Convicted felon and reputed Detroit mob associate Gino Accettola is accused of heading a multi-million dollar Ponzi scheme in suburban Macomb County. The 49-year old Accettola was named as the lead defendant in a civil law suit filed three weeks ago in Macomb County Circuit Court alleging that he cheated close to a dozen investors out of almost four million dollars in fraudulent construction jobs. Sources in law enforcement claim he is being investigated criminally too.

According to the suit, Accettola purported to be a general contractor with big-money construction projects about to launch in Michigan and Florida who was looking for financing but in reality was just trying to fleece people out of their cash – Accettola is accused of accepting loans totaling 4.7 million bucks from 11 individuals or businesses in Metro Detroit over a two-year period (2014-2016), with investors coughing up anywhere between $15,000 and $1,500,000 apiece for stakes that were in essence worth practically nothing. Plaintiffs in the case allege of the near-five million dollars of loans pocketed by Accettola and his 10 co-defendants, only $900,000 was ever recouped.

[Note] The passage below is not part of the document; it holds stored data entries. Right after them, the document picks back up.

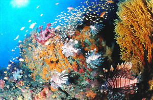 2005年5月20日環境省は世界的に重要な湿地などを保全するラムサール条約の登録候補地20カ所を発表しました。その一つに、串本海中公園を含む串本沿岸海域が入ることが決まりました。ラムサール条約とは、1971年に水鳥の生息地として国際的に重要な湿地を保全するため採択されたもので、現在では水辺の生態系の保全という観点から、湿原だけでなく干潟や藻場、サンゴ礁なども対象に含まれています。串本の海はサンゴ礁の海ではありませんが、サンゴの多さからサンゴ礁生態系に匹敵する生態系を維持しています。2005年11月にアフリカで開かれるラムサール条約締約国会議で非サンゴ礁では世界唯一登録されました。 |
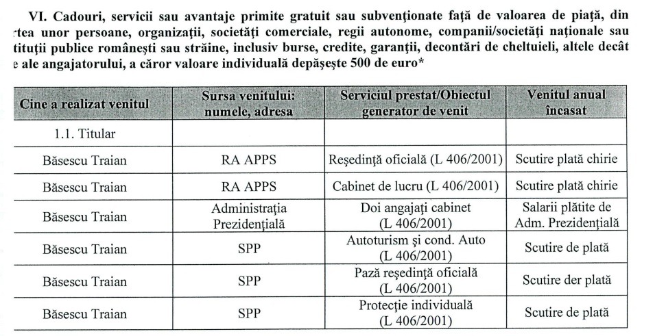 În plus, fostul președinte rămâne fără următoarea categorie de beneficii din declarația de avere:
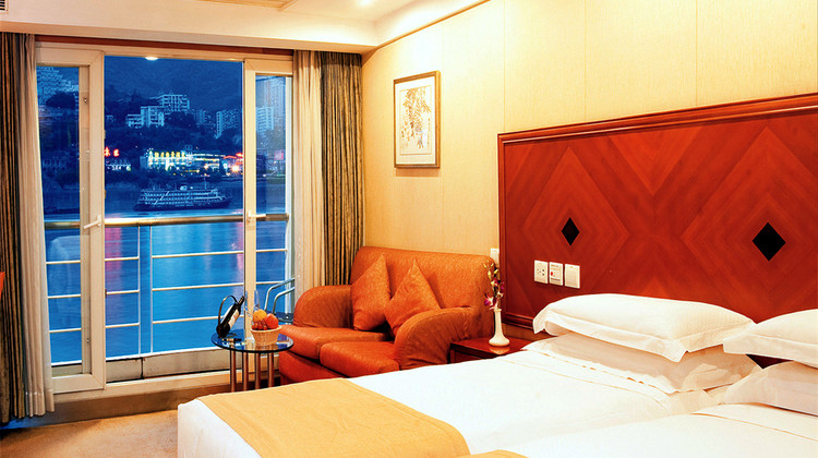 所有客房均为带阳台标准双人观景客房,配备观赏江景的私家阳台(阳台面积3平米左右),受到空间限制游轮客房不能与陆地酒店客房媲美。房间内带独立卫生间、马桶齐备,提供洗浴热水、中央空调、客房电话。为鼓励绿色环保,游轮及陆地酒店将不主动提供一次性洗漱用品,如有需要可至前台申领。
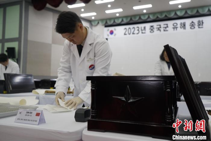 當?shù)貢r間11月22日上午,第十批在韓中國人民志愿軍烈士遺骸裝殮儀式在韓國舉行。圖為韓方工作人員對志愿軍烈士遺骸進行裝殮。中新社記者 劉旭 攝
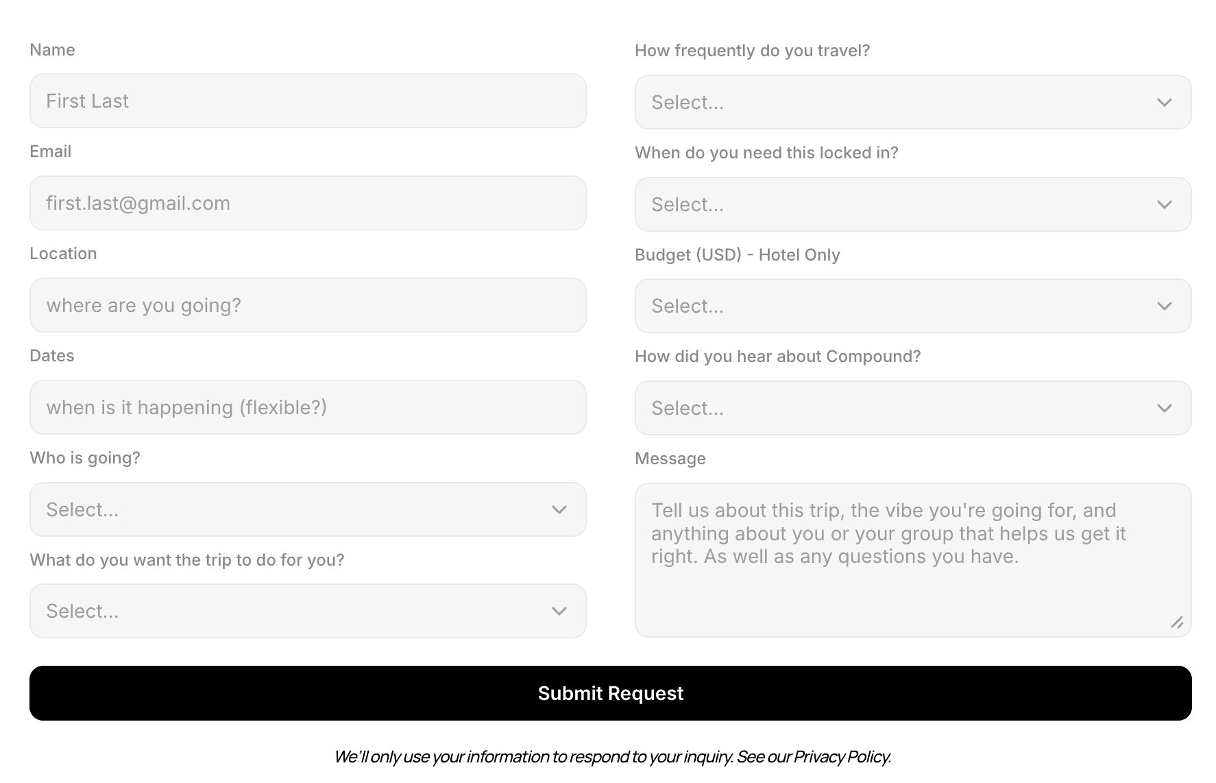 I built Compound because I couldn’t find someone I’d trust with my own trips. I had hired a top travel advisor and got something trendy, generic, and not worth the time.

The law suit alleges Accettola bragged of his mob connections and took some of the stolen dough and bought his girlfriend an engagement ring, among other lavish purchases. When one of the plaintiffs approached Accettola in the winter of 2016 to complain about not getting paid back what he was owed, Accettola allegedly blamed the hold up on his superiors in the Detroit mafia.

Per sources on the street and in law enforcement, Accettola is linked to the Tocco faction of the mob in the Motor City. A multiple-time convicted felon, he did a prison stint in the 1990s.

Accettola’s most recent run-in with the law came three years ago. He pled guilty in Macomb County Circuit Court to a fraud-related offense in 2013 and received probation and a suspended 10-month jail term. The government in Macomb County is currently the focus of an ongoing federal criminal probe which has already resulted in a small trickle of corruption and bribery charges filed against county employees in recent months and is expected to net a drove of additional and more high-profile arrests and indictments in the future, per sources.